Do insurance agents, brokers and consultants still receive undisclosed compensation from the vendors they recommend?
By Molly Mulebriar
A recent assignment has reaffirmed the practice. Hired to review a self-funded health plan managed by an Agent of Record and an insurance consultant (yes, you read that right, the group employed both at the same time), we followed the money. Disclosed broker compensation of approximately $130,000 ended up in excess of $600,000 with the addition of fees / commissions to which the plan sponsor was unaware. This does not include any kind of bonus arrangement found to be fairly common within our industry which, if applicable to this case, would drive up the compensation to a higher level.
The following case back in 2005 illustrates the practice of earning undisclosed compensation in the market that continues to this day:
SUMMARY OF THE CASE
For years, Connecticut consumers, including numerous municipalities and educational institutions, have paid hundreds of thousands of dollars to Aon Consulting to obtain the best professional advice so that they could get the best insurance coverage for the best price.
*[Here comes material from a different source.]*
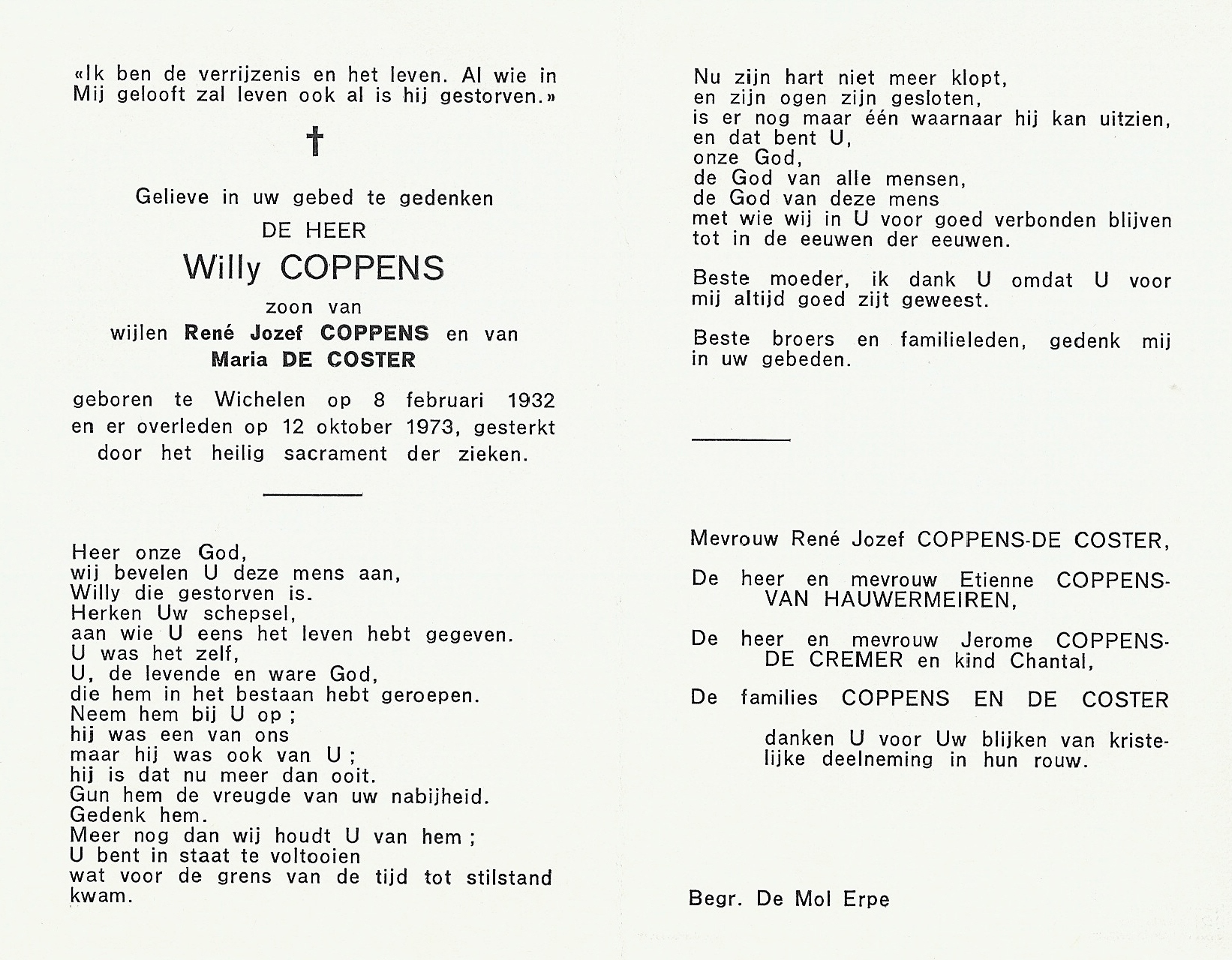Overlijden van een zoon | Willy Coppens 12 oktober 1973 (Leeftijd 67 jaar) |

Aon, in violation of its fiduciary duties to its clients, and insurers including Aetna, Inc. and Anthem Blue Cross Blue Shield, entered into undisclosed, secret, back-door agreements to receive ‘bonus’ commissions, also called overrides or contingent commissions, which were in essence, kickbacks, to steer or retain business.
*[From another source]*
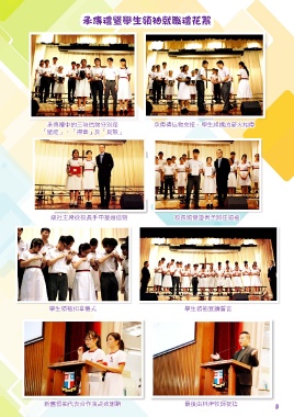 承傳禮暨學生領袖就職禮花絮 承傳禮中的三項信物分別是 承傳禮信物交接,學生組織的薪火相傳 「聖經」、「襟章」及「貝殼」 級社主席從校長手中接過信物 校長頒發證書予卸任領袖 學生領袖扣章儀式 學生領袖宣讀誓言 新舊領袖代表合作演說致謝辭 最後由林津牧師祝禱 5

Aon fought hard for these “pay-to-play” bonuses and Aon and Aetna and Anthem worked hard to make sure the Connecticut consumers did not know – or fully understand – the true nature of these agreements.
Even in cases where brokers had contracts with their clients obligating disclosure or were required to disclose these excess commissions on IRS forms, Aon did not inform its clients of these payments even when clients asked, a silence and deception that Aetna and Anthem were at least complicit in.
The costs of these hidden payments to brokers — payments generally much higher than the fees paid by the clients to the brokers — were folded into the overall premiums paid. This generated higher costs for all consumers including municipalities and educational institutions, a fact that was fully recognized by both the brokers and the insurers.
Ultimately, consumers and municipal taxpayers were harmed, and the free and open market for insurance was crippled by these deliberate and unscrupulous practices.
Padding the School Policies?
“Defendants have fraudulently obtained millions of dollars from Texas school districts in consultant fees,” the suit states. It seeks to have Mercer’s revenues forfeited and triple damages awarded to those covered under Mercer-influenced contracts.
Marsh & McLennan and Mercer are accused of racketeering, fraud, abusing the financial trust with school districts, bid-rigging, deceptive trade practices and violations of the state’s insurance code.
The suit states that Rupa Mathur was both an insurance agent and consultant as well as benefits manager with HISD. While with the district, the suit alleges, she received about $250,000 from insurers, including about $24,000 from a Marsh insurance firm.